Whose Vote Counts, Explained: A Review

Whose Vote Counts, Explained produced by Vox on Netflix
My rating: 4 of 5 stars

Since tomorrow is Election Day, this limited series on Netflix would be appropriate to watch and review. The series is produced by Vox and Netflix. And they really tried to maintain a nonpartisan perspective while answering a lot of questions heard on social media and straight from voters, themselves.

The series is divided into three parts. The first episode covers a lot of the history of voting, how at first voting was a privilege of the wealthy, white, male landowners (though, surprisingly, there were instances in some states that included black and women landowners before they were shut down in favor of the majority), and the ways voting has evolved and devolved throughout the years.

The second episode was about money.

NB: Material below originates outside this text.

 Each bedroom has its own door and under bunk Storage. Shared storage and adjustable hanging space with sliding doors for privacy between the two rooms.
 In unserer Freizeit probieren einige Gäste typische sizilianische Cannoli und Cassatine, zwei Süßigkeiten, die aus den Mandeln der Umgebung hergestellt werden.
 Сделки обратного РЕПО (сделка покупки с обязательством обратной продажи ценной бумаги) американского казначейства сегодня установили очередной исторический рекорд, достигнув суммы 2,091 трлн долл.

Whether elections can be bought (they can’t but advertising, social media, and politicians can influence you, and there is a lot of money in that). They talk about the nonprofit political groups, the Super PACs, and ideas on how to get smaller donors more involved as well as the average voter.

The third episode was about how votes can matter differently? They cover gerrymandering that specifically affects the House districts and can make the minority have a majority of representation. This also happens because of where we decide to live as well. And why swing states are swing states, and how other states could become swing states. This was a fascinating episode.

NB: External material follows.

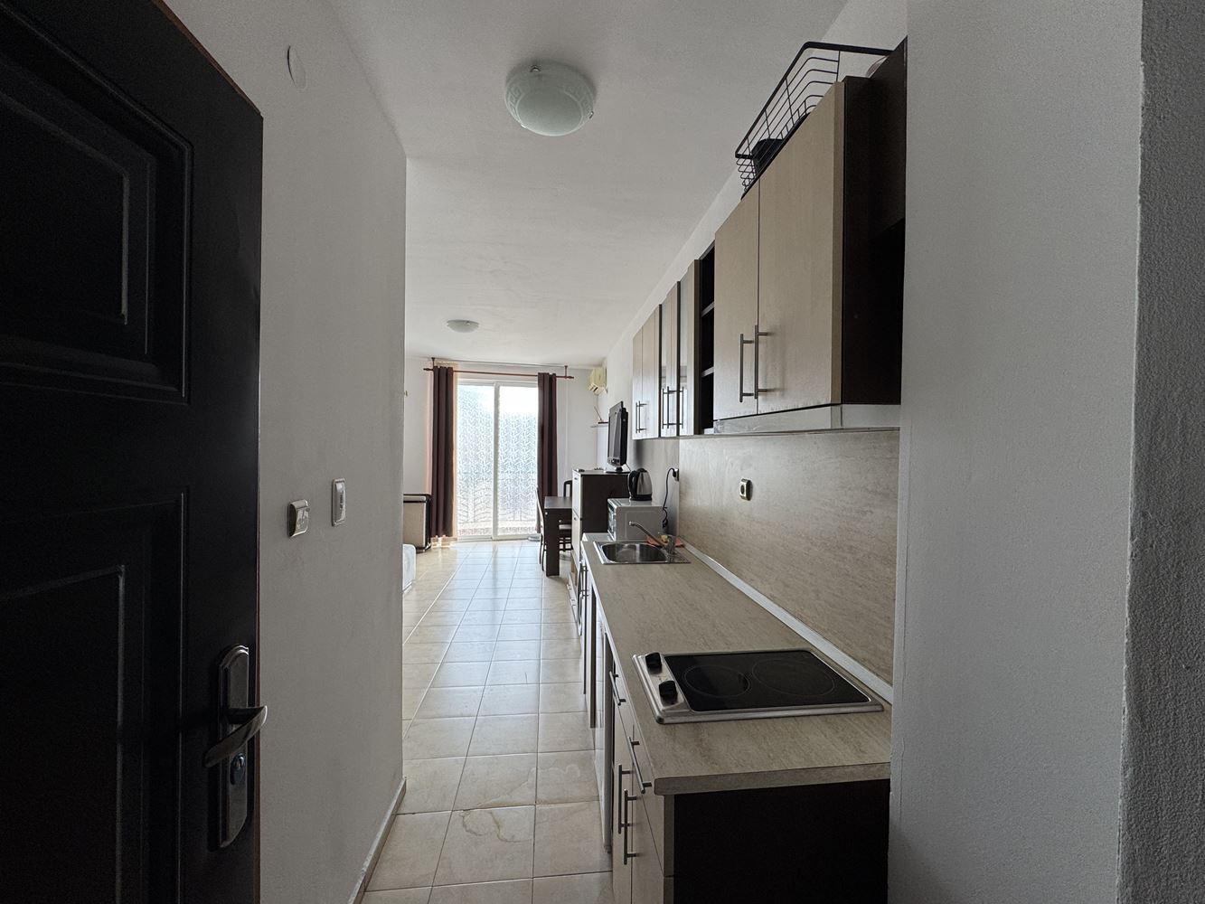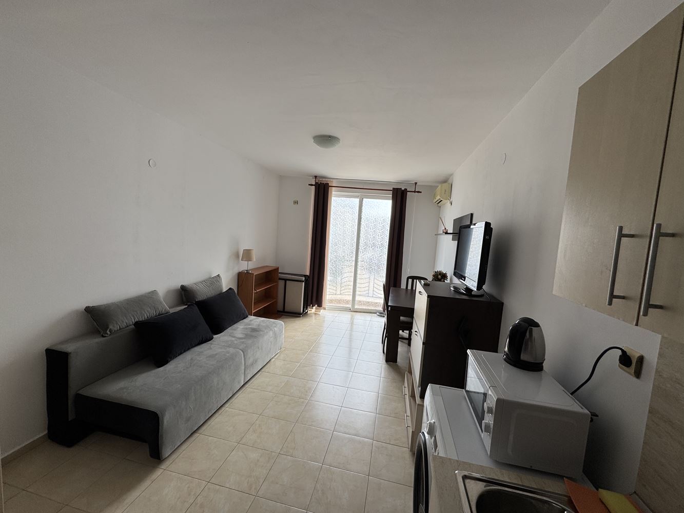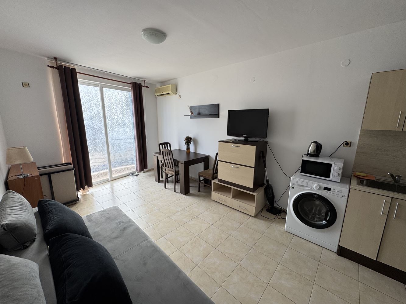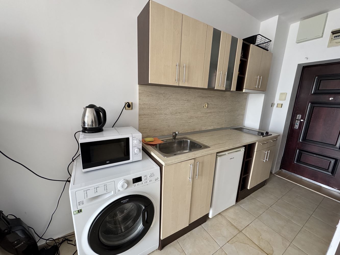 Nabízíme k prodeji kompaktní a funkční studio, nacházející se v dobře udržovaném rekreačním komplexu v rezortu Slunečné Pobřeží. Nemovitost má plošnou výměru 29 m² a nachází se ve druhém patře ze tří, což zajišťuje snadný přístup a je velmi vhodné jak pro vlastní využití, tak jako investice k pronájmu během letní sezóny. Studio je plně vybavené a připravené k okamžitému užívání. Interiér je prakticky uspořádán a vytváří útulnou atmosféru, poskytující vše potřebné pro komfortní pobyt. Prostorná místnost kombinuje obytnou a spací zónu, kuchyňský kout a koupelnu s toaletou. Z bytu je příjemný výhled na bazén, který přispívá k pocitu odpočinku a relaxace.
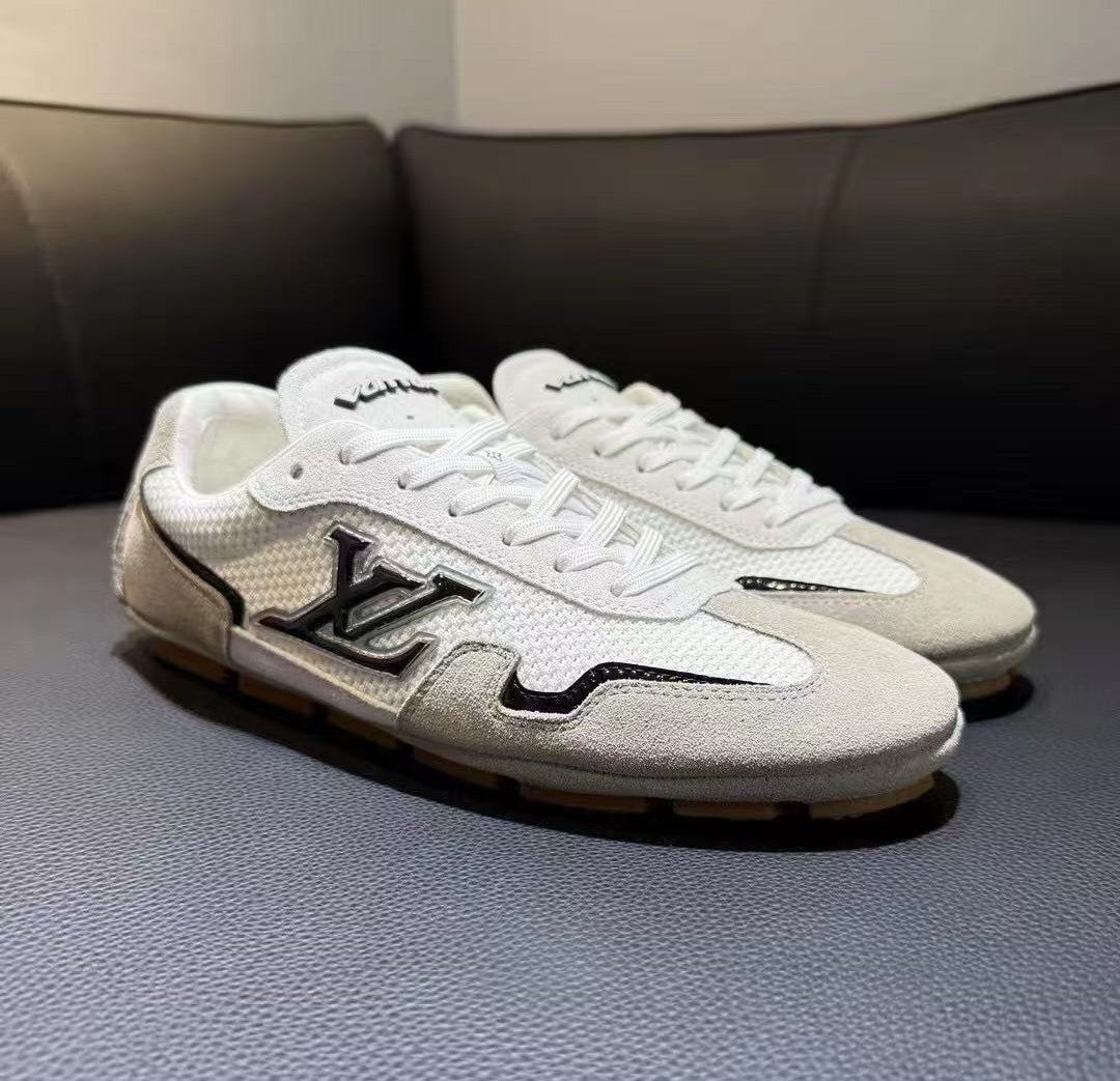 Sneaker LV Rally in pelle scamosciata di vitello grigia e tessuto a rete

Basically, voting can be a really complicated process. There are a lot of ways it can go wrong, and there are other countries who are also democratic that do some things better than we do (or at least have found policies that help their particular problems better than our policies help us, if that makes sense). But there is always hope for reforms or adjustments to the current rules and regulations on the horizon, which is why it is so important to participate in the current process.

Registering to vote in most states have met their deadlines (except in North Dakota where there is no registration), but if you are registered, don’t forget to vote tomorrow! It is an important process, not just for the federal government, but your local one as well.

There is no profanity in the film. No sexual content, either. There are mentions of school shootings and violence against protestors as covered by news media outlets.